Es kam, wie es kommen musste. Der junge Mann brachte alles heillos durcheinander. Den dicken Damen servierte er Buttercremetorte und den mageren Damen trockene Brötchen. Die Herren erhielten Limonade und die Kinder Flaschenbier, und als der Tumult ausbrach, stolperte er über einen Spazierstock und fiel mit einem Tablett voll Kaffeegeschirr längelang hin.
Entsetzen und Stelle. Der junge Mann erhob sich und starrte auf den Scherbenhaufen wie auf einen verlorenen Krieg. Mit einmal fiel alle Unruhe von ihm ab. Er war zu einem Entschluss gekommen. Er gab es auf, Kellner zu sein. Ohne ein Wort zu sagen und ohne auf jemanden einen Blick zu werfen, ließ er langsam den Frack von den Schultern herabgleiten und buckelte ihn sorgfältig über einen leerstehenden Stuhl. Es war wie in einem Film, der zu Ende geht. Dann machte er wie im Schlaf ein paar Schritte auf die Treppe zu, stieg hinab und ging durch den Park davon.
Die Gäste schauten ihm nach. Jetzt rührte sich keine Zunge und kein Löffel mehr. Die Reisegesellschaft hatte einen Mann nicht geradezu umgebracht, aber sie hatte ihn doch auf irgendeine Weise erschlagen. Es war etwas geschehen, und sie spürten alle miteinander, dass es mehr war als zerschelltes Porzellan.
Als der Kellner nicht mehr zu sehen war, stand ein junges Mädchen auf und fing schweigend an, die Scherben zu sammeln. Zwei andere Mädchen boten sich dem Wirt an, die Bedienung zu übernehmen und das Geschirr abzuwaschen. Der Frack hing noch lange da, als alles schon längst vorüber war.

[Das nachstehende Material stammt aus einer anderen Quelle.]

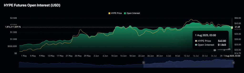 Hyperliquid (HYPE) lost the $40 level, down 22% from its high despite DeFi TVL remaining above $2B.
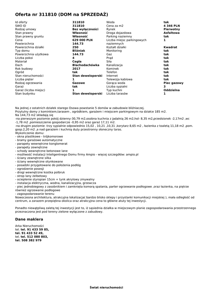 Oferta nr 311810 (DOM na SPRZEDAŻ)

Das junge Mädchen, das sich zuerst erhoben hatte, um die Scherben beiseite zu tun, saß im Omnibus auf der hintersten Sitzreihe. Es dachte über die Szene nach, und es fragte sich, wohin der Kellner gegangen sei. Nach Hause? Hoffentlich trifft er jemanden an, der sich um ihn kümmert, dachte das junge Mädchen. Es hatte nie in seinem Leben einen Mann gesehen, der in Hosenträgern davon gegangen war und Schluss gemacht hatte.
Was ich als Zuschauer sagen will, ist dies: Solange es noch eine einzige gute Seele gibt, die trauert, dürfen wir übrigen die Hoffnung nicht aufgeben, dass der Mensch sich bessert.